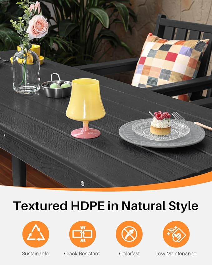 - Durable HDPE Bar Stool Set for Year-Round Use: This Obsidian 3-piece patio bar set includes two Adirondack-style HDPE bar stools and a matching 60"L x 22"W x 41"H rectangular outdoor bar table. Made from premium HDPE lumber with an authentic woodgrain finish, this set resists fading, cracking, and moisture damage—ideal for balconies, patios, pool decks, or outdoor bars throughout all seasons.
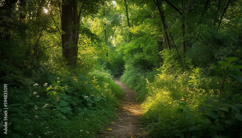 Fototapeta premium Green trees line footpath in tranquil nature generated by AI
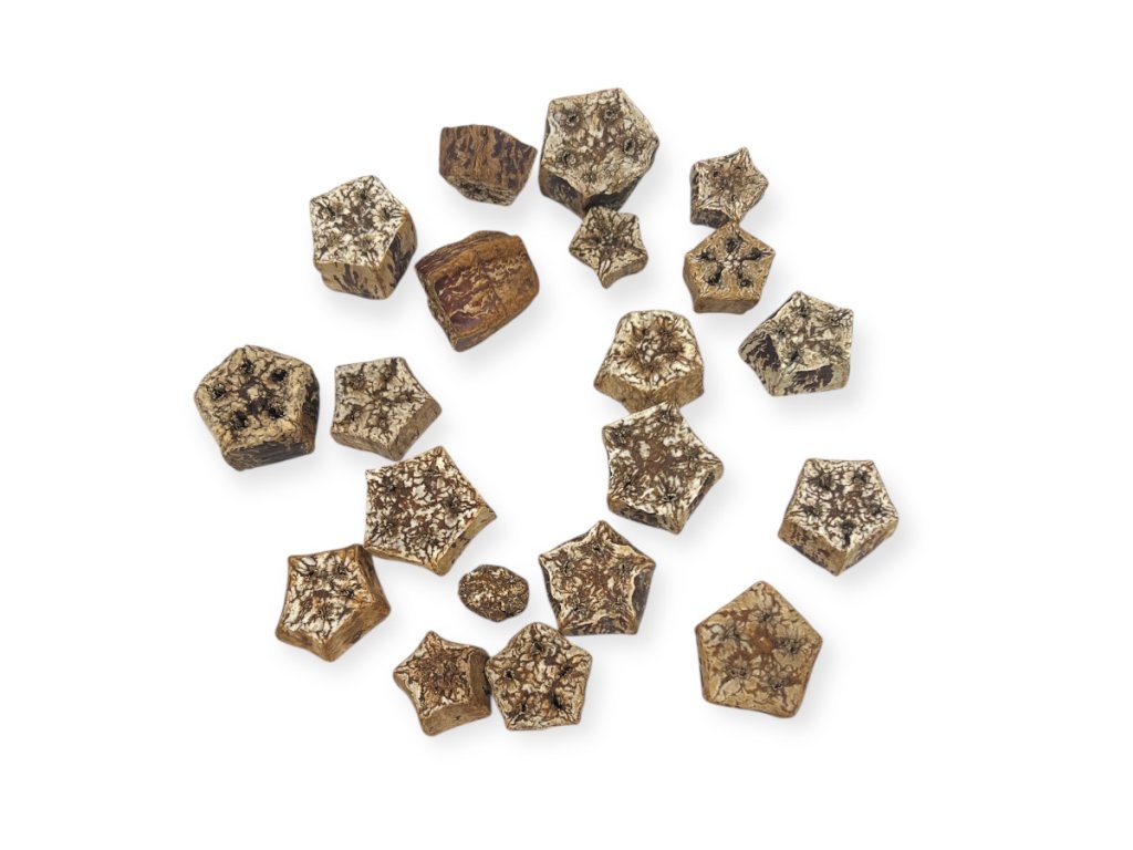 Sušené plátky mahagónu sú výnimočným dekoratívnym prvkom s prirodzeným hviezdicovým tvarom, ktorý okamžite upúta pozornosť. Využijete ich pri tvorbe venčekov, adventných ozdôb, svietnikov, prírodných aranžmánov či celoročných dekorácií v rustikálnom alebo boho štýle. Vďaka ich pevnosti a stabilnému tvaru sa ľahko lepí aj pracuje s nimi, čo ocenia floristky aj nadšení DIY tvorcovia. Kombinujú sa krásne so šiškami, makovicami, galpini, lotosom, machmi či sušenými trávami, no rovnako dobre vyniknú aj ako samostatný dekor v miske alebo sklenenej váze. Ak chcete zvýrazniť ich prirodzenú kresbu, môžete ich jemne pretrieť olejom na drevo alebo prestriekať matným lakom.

--

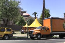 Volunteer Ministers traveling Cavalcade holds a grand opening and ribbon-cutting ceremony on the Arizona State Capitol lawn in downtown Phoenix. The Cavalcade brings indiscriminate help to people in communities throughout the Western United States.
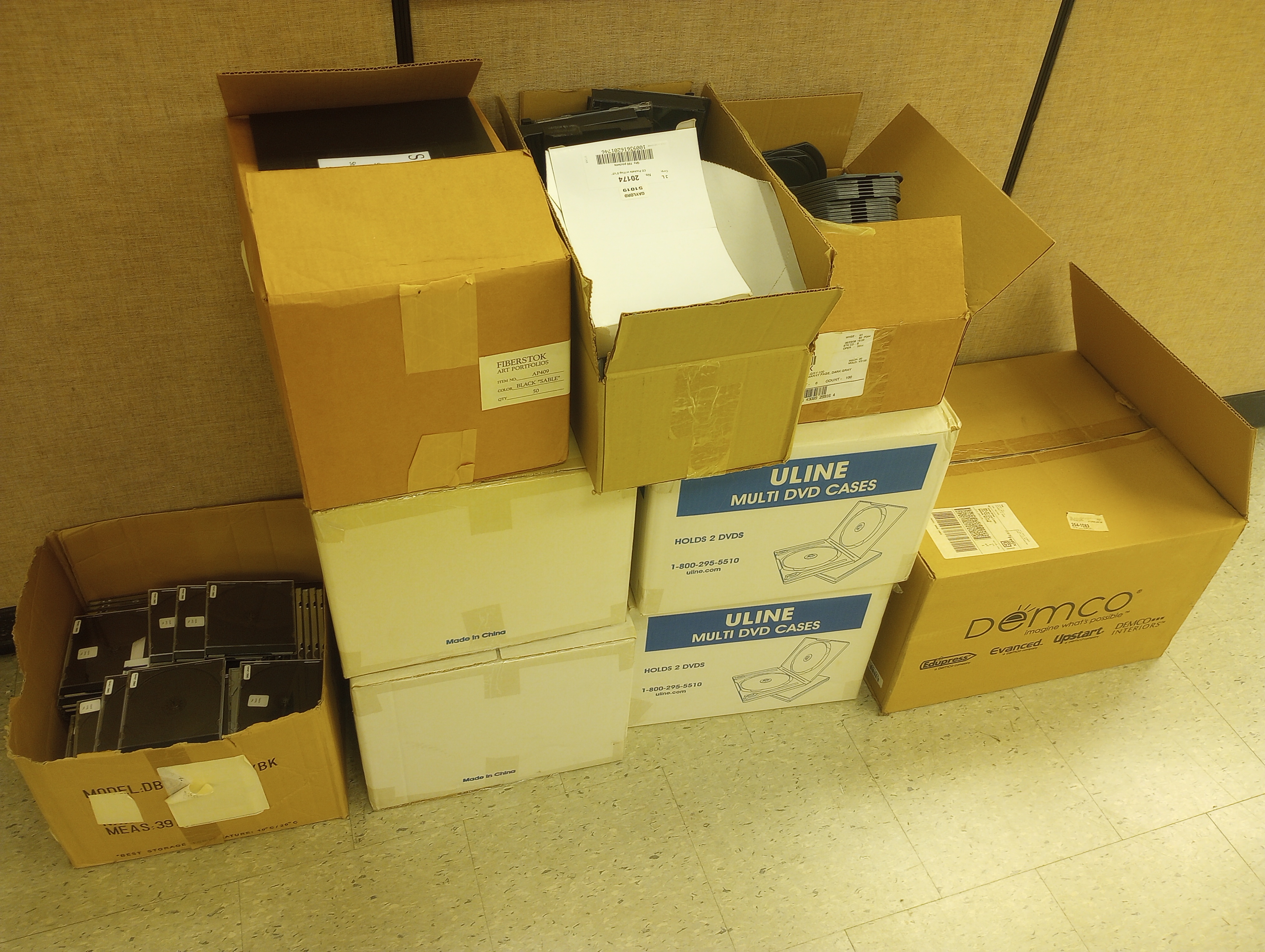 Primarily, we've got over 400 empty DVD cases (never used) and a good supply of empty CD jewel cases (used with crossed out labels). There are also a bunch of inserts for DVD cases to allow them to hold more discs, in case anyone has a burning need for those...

• **WORK INSTRUCTION**
Exact copy, pictures excluded: every line above from the one containing "Volunteer Ministers traveling" to the one containing "Primarily, we've got", inclusive, and nothing more.

• **ANSWER TO THIS EXERCISE**
 Volunteer Ministers traveling Cavalcade holds a grand opening and ribbon-cutting ceremony on the Arizona State Capitol lawn in downtown Phoenix. The Cavalcade brings indiscriminate help to people in communities throughout the Western United States.
 Primarily, we've got over 400 empty DVD cases (never used) and a good supply of empty CD jewel cases (used with crossed out labels). There are also a bunch of inserts for DVD cases to allow them to hold more discs, in case anyone has a burning need for those...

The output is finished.